Working with NVSHMEM-enabled builds

When cuDecomp is built with NVSHMEM enabled, there are a few concepts and potential pitfalls that users should be aware of which we will highlight in this section.

Controlling the symmetric heap size

In general, NVSHMEM operations requires memory it operates on to be allocated on its symmetric heap, via nvshmem_malloc. While cuDecomp attempts to hide this complexity behind cudecompMalloc, it is important to understand that memory allocated for usage with NVSHMEM comes out of a separate memory pool than all other CUDA allocations. At a high-level, NVSHMEM will preallocate this symmetric heap on each GPU when it is initialized, with the heap size set by the NVSHMEM_SYMMETRIC_SIZE environment variable. As such, it is important to set the symmetric heap size to a value that is large enough for any necessary allocations from cuDecomp, but not much larger as that will waste GPU memory space.

To help with this, the code will produce warnings like the following

CUDECOMP:WARN: Attempting an NVSHMEM allocation of 2147483648 bytes but *approximately* 1073741824 free bytes of 1073741824 total bytes of symmetric heap space available. If the allocation fails, set NVSHMEM_SYMMETRIC_SIZE >= 2147483648 and try again.
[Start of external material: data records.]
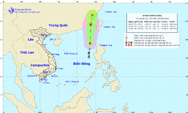 Trung tâm Dự báo khí tượng thủy văn quốc gia thông tin, sáng nay, 10/8, áp thấp nhiệt đới trên Biển Đông đã mạnh lên thành bão, cơn bão số 3 có tên quốc tế là Mekkhala, ở cường độ cấp 8, giật cấp 10, di chuyển theo hướng Bắc.
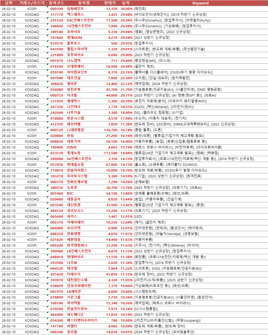 | [26-2-11] 오늘의 시황 (급등, 상한가) (0) | 2026.02.11 |
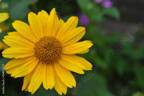 Heliopsis helianthoides. Perennial. Similar to the daisy. Tall flowers. Flowers are yellow. Close-up. On blurred background. It's sunny. Garden. Flowerbed. Floriculture. Horizontal
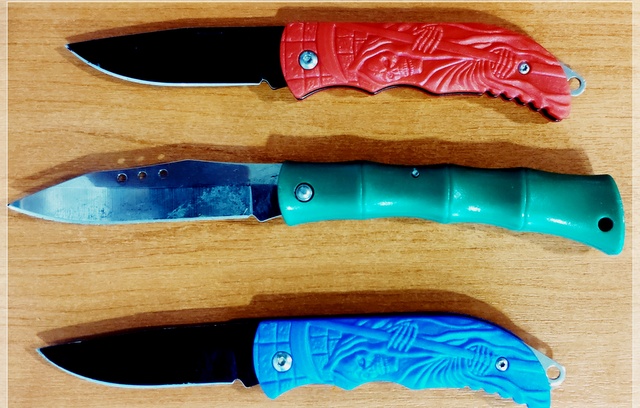 Κατά τη σύλληψή τους, βρέθηκαν στη κατοχή τους και κατασχέθηκαν τρεις αναδιπλούμενοι σουγιάδες. Σε βάρος τους σχηματίσθηκε δικογραφία για φθορά ξένης ιδιοκτησίας, κατά συναυτουργία, και παράβαση της νομοθεσίας περί όπλων.
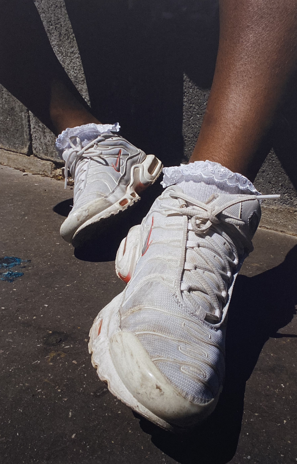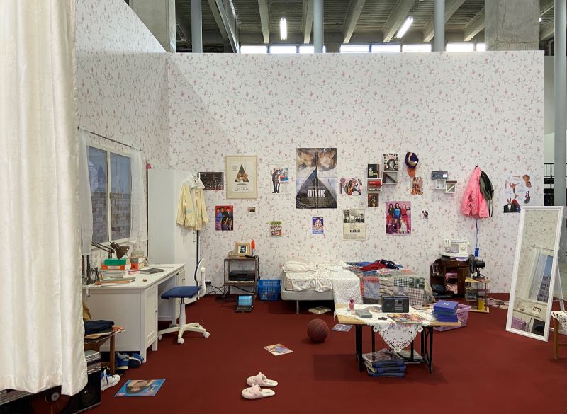 Un autre point commun entre les deux films reste la faible visibilité des femmes (Deville 2007), à laquelle peut d’ailleurs contribuer le cinéma. Les œuvres sont ainsi l’occasion de questionner la présence et le vécu féminin dans la cité, et de manière plus large les rapports sociaux de sexe qui y prennent place. Les photographies de Nouta Kiaïe interrogent ainsi les relations entre les filles et les garçons ainsi que la frontière entre les genres. La photographie ci-dessus (figure 4) évoque le style vestimentaire des filles à travers les Nike « TN », qui étaient quelques années plus tôt quasi exclusivement portées par les garçons dans les cités, dans un contexte où l’espace public est essentiellement masculin. Les photographies de Tassiana Aittahar témoignent de scènes du quotidien : dans l’une d’entre elles, un groupe de filles et de garçons partage un moment installé sur des chaises au pied d’un immeuble. Enfin, l’installation performée d’Émilie Pria, La Chambre de Sarah ou la chambre de la sœur de Vinz (figure 5), reconstitue une chambre d’adolescente pour donner vie à ce personnage, en associant de manière révélatrice féminité et espace privé du logement dans le contexte des cités.
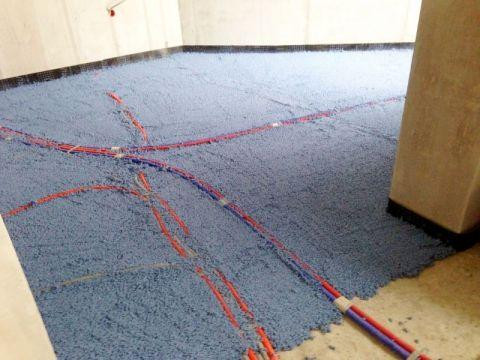 Перед инсталляцией покрытия стандартной толщины 20 мм с поверхности перекрытия должен быть убран строительный мусор с размером фракции более 10 мм. Покрытие Шумопласт наносится на перекрытие ручным или механическим способом. Шумопласт заводится на все прилегающие стены и колонны на высоту чуть большую, чем уровень выравнивающей стяжки для предотвращения образования звуковых мостиков при ее устройстве. Поверхности стен и колонн для увеличения адгезии перед обработкой покрытием предварительно грунтуются составом Шумопласт-Грунт. Выравнивающая стяжка толщиной не менее 50 мм укладывается непосредственно на покрытие Шумопласт, и в обязательном порядке должна быть армирована металлическими конструкциями для придания ей повышенной механической прочности.

if the library detects NVSHMEM allocations that may exceed the symmetric heap size, and suggests an appropriate value for NVSHMEM_SYMMETRIC_SIZE.

MPI compatibility

As noted in the NVSHMEM documentation here, memory allocated on the symmetric heap may lead to crashes when used in MPI calls with some MPI implementations, especially when CUDA VMM features in NVSHMEM are enabled. We strongly encourage users to set NVSHMEM_DISABLE_CUDA_VMM=1 when using cuDecomp with NVSHMEM enabled. However, this is not always sufficient and MPI can still crash when passed NVSHMEM allocated memory.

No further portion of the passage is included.